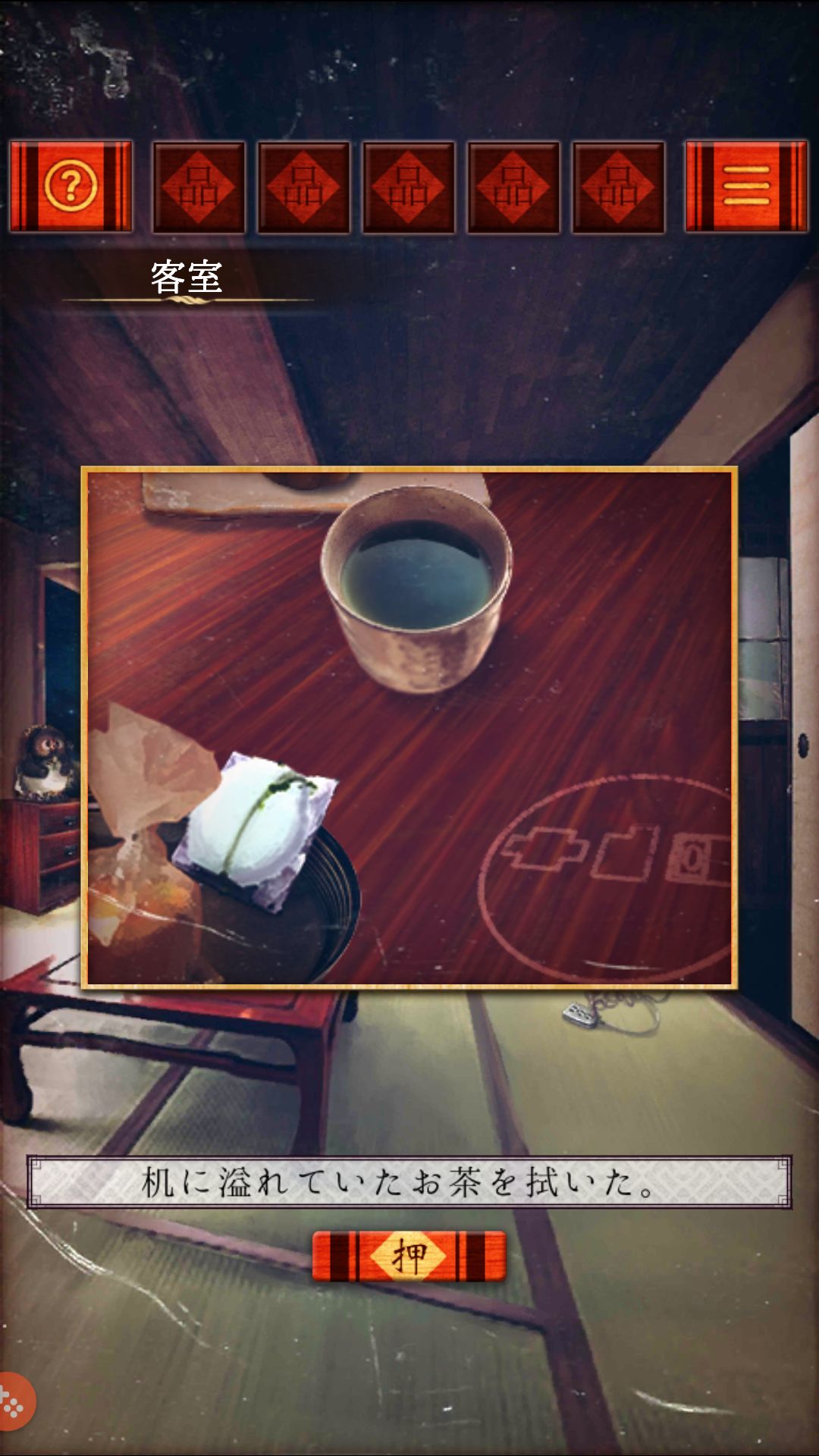 (客室)记住红桌上和菓子的位置。
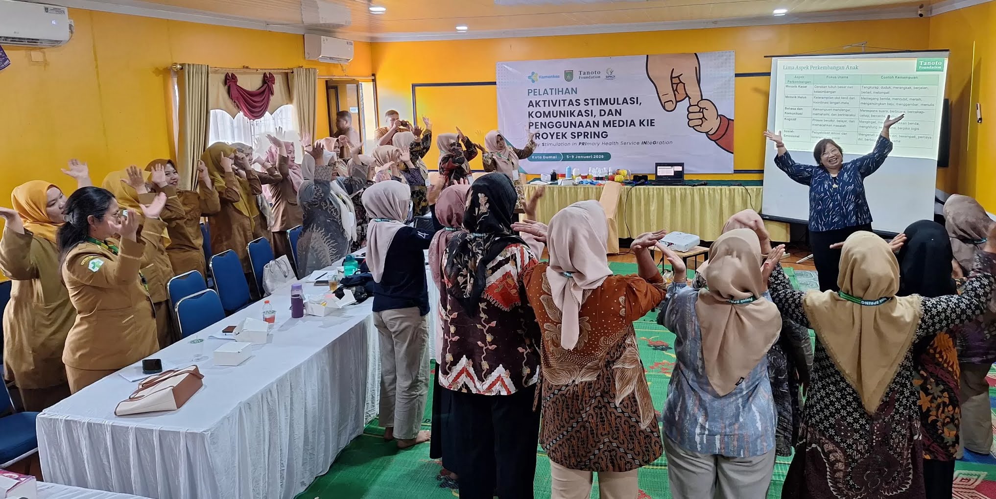 DUMAI – Tanoto Foundation melalui Proyek SPRING (Early Stimulation in Primary Health Service Integration) menyelenggarakan Pelatihan Aktivitas Stimulasi, Komunikasi, serta Penggunaan Media KIE (Komunikasi, Informasi, dan Edukasi) pada 5–9 Januari 2026 di Kota Dumai.
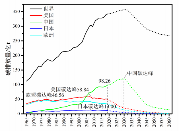 根據(jù)BP數(shù)據(jù),2019年我國二氧化碳排放量為98.26億噸,占世界的28.8%。從我國與歐盟、美國等歷史碳排放量和預(yù)期增長趨勢看(圖1),歐盟、美國、日本在1979年、2007年、2008年已實現(xiàn)碳達峰。我國十八大報告指出,要大力推進生態(tài)文明建設(shè),堅持節(jié)約資源和保護環(huán)境的基本國策,堅持節(jié)約優(yōu)先、保護優(yōu)先、自然恢復(fù)為主的方針,著力推進綠色發(fā)展、循環(huán)發(fā)展、低碳發(fā)展,形成節(jié)約資源和保護環(huán)境的空間格局、產(chǎn)業(yè)結(jié)構(gòu)、生產(chǎn)方式,從源頭上扭轉(zhuǎn)生態(tài)環(huán)境惡化趨勢,為人民創(chuàng)造良好生產(chǎn)生活環(huán)境,為全球生態(tài)安全作出貢獻。

-- -- --

EXERCISE BRIEF:
Where pictures occur in the material above, omit them and return everything else exactly.

YOUR RESPONSE:
 (客室)记住红桌上和菓子的位置。
 DUMAI – Tanoto Foundation melalui Proyek SPRING (Early Stimulation in Primary Health Service Integration) menyelenggarakan Pelatihan Aktivitas Stimulasi, Komunikasi, serta Penggunaan Media KIE (Komunikasi, Informasi, dan Edukasi) pada 5–9 Januari 2026 di Kota Dumai.
 根據(jù)BP數(shù)據(jù),2019年我國二氧化碳排放量為98.26億噸,占世界的28.8%。從我國與歐盟、美國等歷史碳排放量和預(yù)期增長趨勢看(圖1),歐盟、美國、日本在1979年、2007年、2008年已實現(xiàn)碳達峰。我國十八大報告指出,要大力推進生態(tài)文明建設(shè),堅持節(jié)約資源和保護環(huán)境的基本國策,堅持節(jié)約優(yōu)先、保護優(yōu)先、自然恢復(fù)為主的方針,著力推進綠色發(fā)展、循環(huán)發(fā)展、低碳發(fā)展,形成節(jié)約資源和保護環(huán)境的空間格局、產(chǎn)業(yè)結(jié)構(gòu)、生產(chǎn)方式,從源頭上扭轉(zhuǎn)生態(tài)環(huán)境惡化趨勢,為人民創(chuàng)造良好生產(chǎn)生活環(huán)境,為全球生態(tài)安全作出貢獻。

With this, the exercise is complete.